Incidente sul lavoro alla Garbellotto, un consulente: «Inascoltati i richiami alla sicurezza»

Nel processo per la morte di Dino Corocher, mastro bottaio 49enne di Vittorio Veneto, morto nel 2017 alla Garbellotto Botti & Legnami di Conegliano, ha deposto il responsabile esterno della protezione e prevenzione che lasciò l'incarico, nel 2014, a causa delle divergenze con i vertici societari

«Già alla fine del 2014 non vi era più sintonia sulle questioni che avevano a che fare con la sicurezza. Per cui, alla fine di quell'anno, lasciai l'incarico a un mio collega e, poco dopo, la società decise di rescindere il contratto». A parlare è Alberto Corocher, responsabile esterno del servizio di protezione e prevenzione alla Garbellotto Botti & Legnami di Conegliano, teatro della tragedia che causò il decesso di Dino Corocher, il mastro bottaio e capo reparto 49enne di Vittorio Veneto, morto il 26 luglio 2017 a causa di una grossa scheggia di legno che si conficcò nella carotide mentre stava lavorando su un macchina rifilatrice. La vicenda ha portato a processo, tutti accusati di omicidio colposo, Piero Garbellotto, 40 anni, noto anche per essere il presidente dell'Imoco Volley, i fratelli Piergregorio, 40enne e Pieremilio, 38 anni di Conegliano, il direttore generale Graziano Cavalet, 69 anni di San Fior e il responsabile del servizio di prevenzione e protezione Matteo Cestaro, 52enne di Preganziol. Gli imputati sono difesi dagli avvocati Alberto Mascotto, Alessandro Alfano e Alessandro Rinaldi.

Corocher ha spiegatonell'udienza di oggi, mercoledì 6 aprile, che tra il 2010 e il 2014, quando mantenne l'incarico, furono molti i suggerimenti che diede all'azienda sulla sicurezza ma che, nella gran parte dei casi, rimase inascoltato. Come quando, nel 2012, aveva caldeggiato l’installazione di uno schermo sul macchinario ( in realtà pensato per proteggere le mani) che avrebbe potuto salvare il povero mastro bottaio. I tecnici dello Spisal di Conegliano, sentiti come testimoni dal giudice Carlotta Brusegan, avevano chiaramente detto che la rifilatrice dove stava lavorando la vittima non era a norma e presentava delle carenze in termini di sicurezza sul lavoro. Rimane il fatto che secondo gli avvocati difensori dei cinque imputati la macchina dove Corocher stava operando era destinata ad altri tipi di lavorazioni, non certamente a rifilare una tavola di legno e che quindi quell’opera si sarebbe dovuta fare con un’altra rifilatrice.
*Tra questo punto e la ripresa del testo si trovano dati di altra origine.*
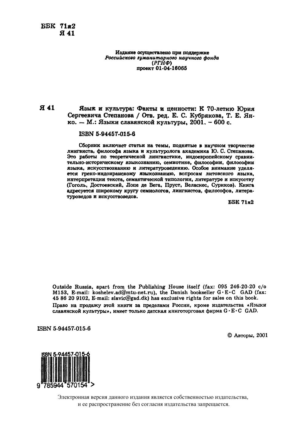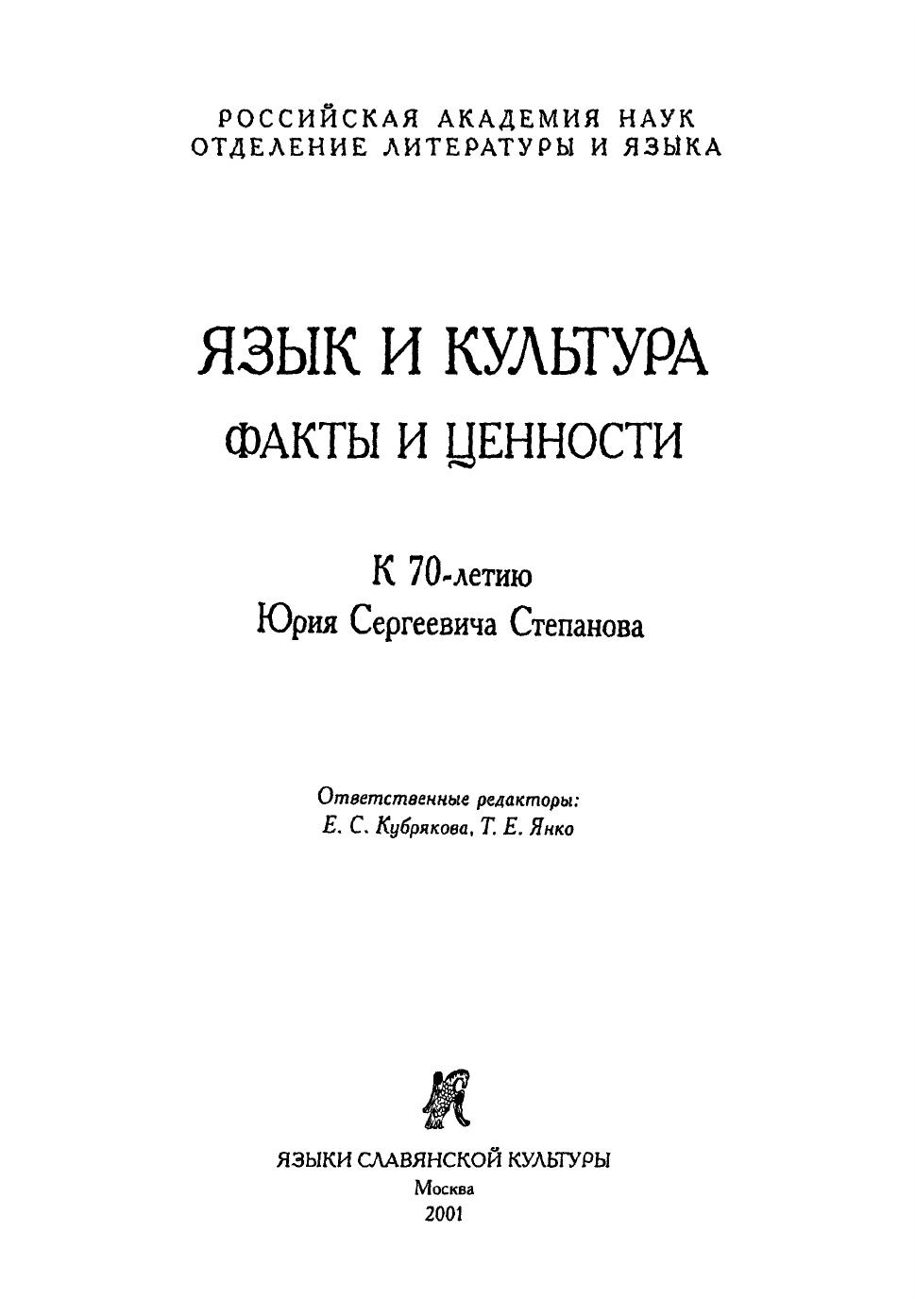 Язык и культура: Факты и ценности: К 70-летию Ю. С. Степанова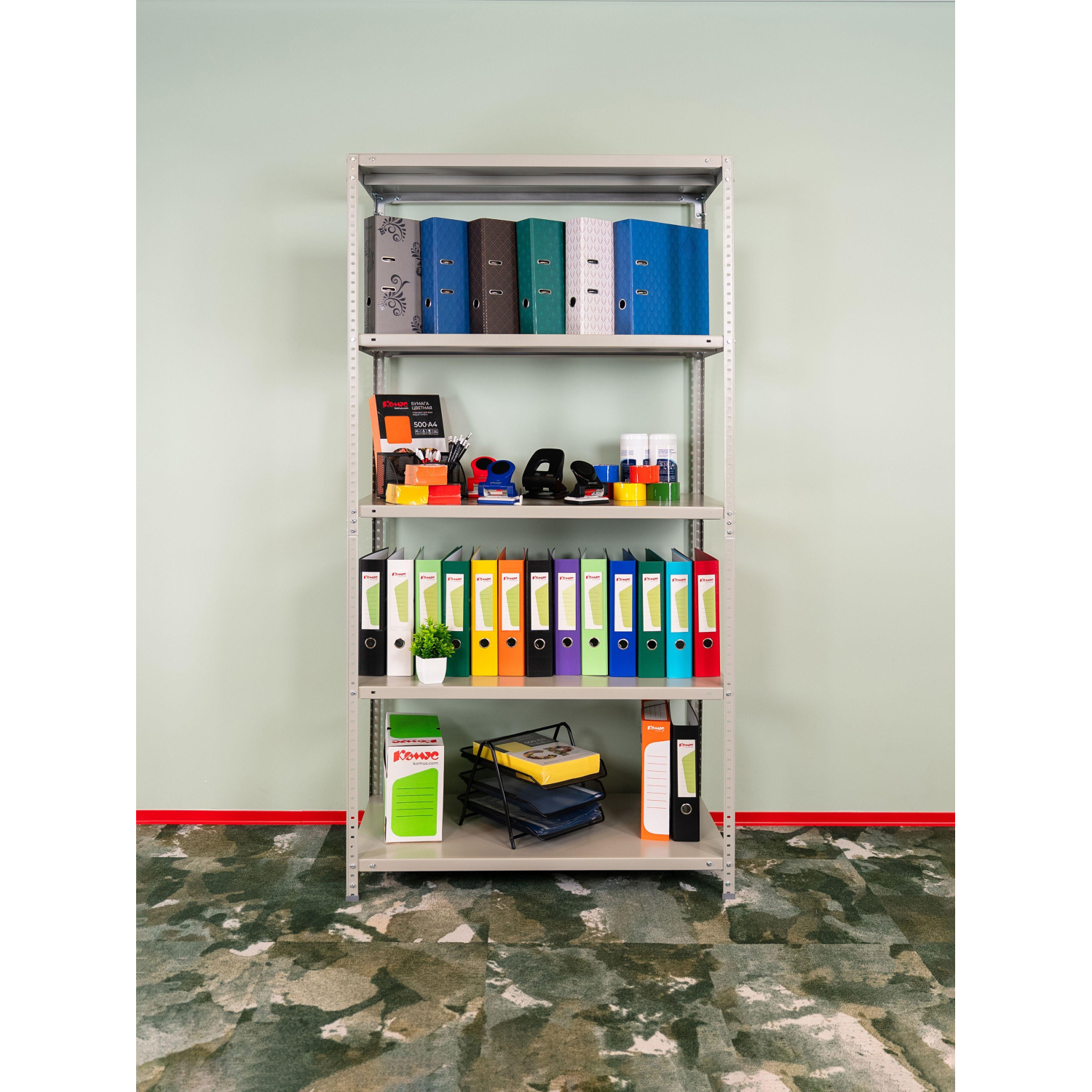 Стеллаж офисный предназначен для хранения документов и различных грузов в офисе, на складе, в архиве. Стойки с усиленным угловым профилем сложного сечения 30×30 мм. Разборная стойка. Г-образный усилитель стоек и полок. Равномерно распределённая нагрузка на полку — 100 кг. Высота бокового ребра полки — 33 мм. Шаг регулирования высоты полок — 25 мм. Максимальная нагрузка на стеллаж в стандартной комплектации — 500 кг. Пластиковые опоры подпятников. Цвет стеллажа серый с порошковым покрытием.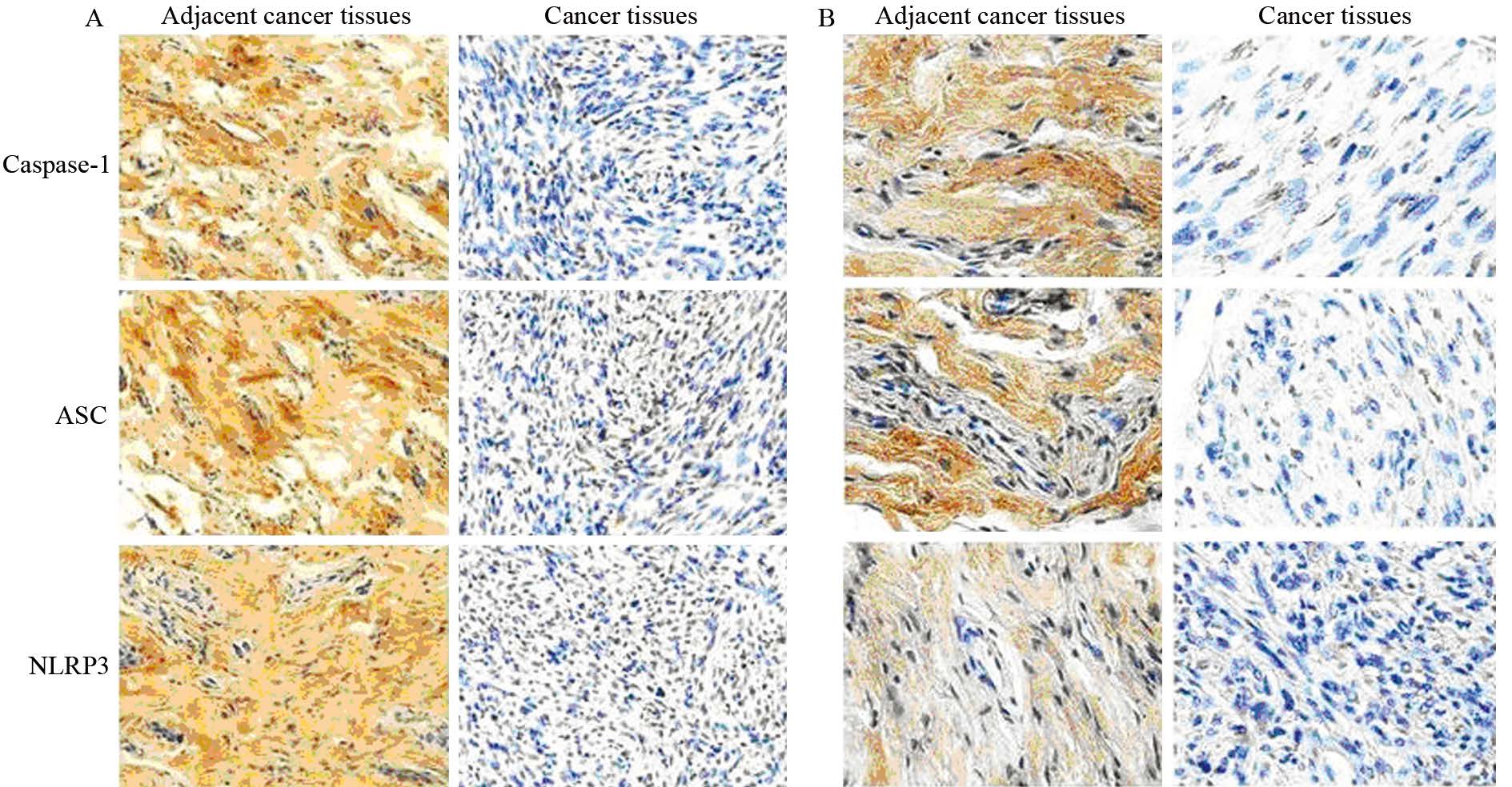 | A: ×200; B: ×400; ASC: apoptosis-associated speck-like protein containing a carboxy-terminal CARD; NLRP3: nucleotide-binding domain leucinerichrepeat-containing protein 3 图 1 低度恶性肌纤维母细胞肉瘤组织和瘤旁组织中NLRP3炎性体Caspase-1、ASC和NLRP3蛋白的表达 Figure 1 Expression of three NLRP3 inflammasome proteins in LGMS and adjacent cancer tissues detected by immunohistochemistry |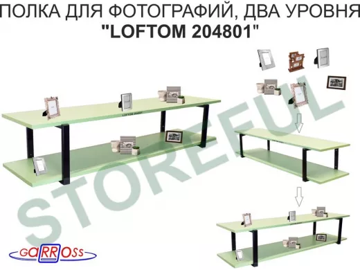 В корзину Купить в 1 клик Полка для фотографий и игрушек, высота 25см "LOFTOM 204801" размер 120х30см, чёрный/салатовый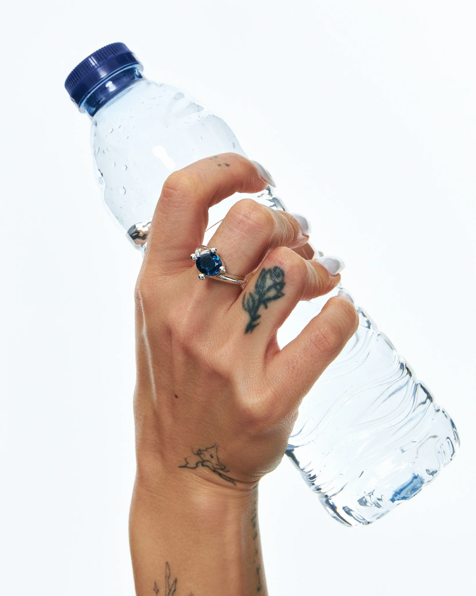 95 % Plata de ley, 5 % Espinela de zafiro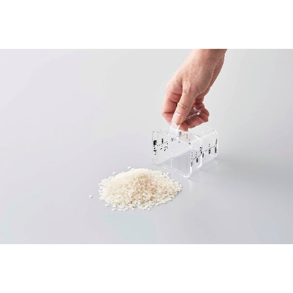 キッチンの引き出しに収納できるシンプルでスタイリッシュな米びつ。計量カップ付。

L'incidente sul lavoro avvenne intorno alle 8.45 del mattino. I colleghi ed i vertici dell’azienda erano subito accorsi per aiutare Dino Corocher, colpito alla gola da una scheggia di grandi dimensioni che gli aveva trapassato la carotide. Ma purtroppo non c'era più niente da fare perchè risultò impossibile tamponare l’emorragia molto copiosa dal collo.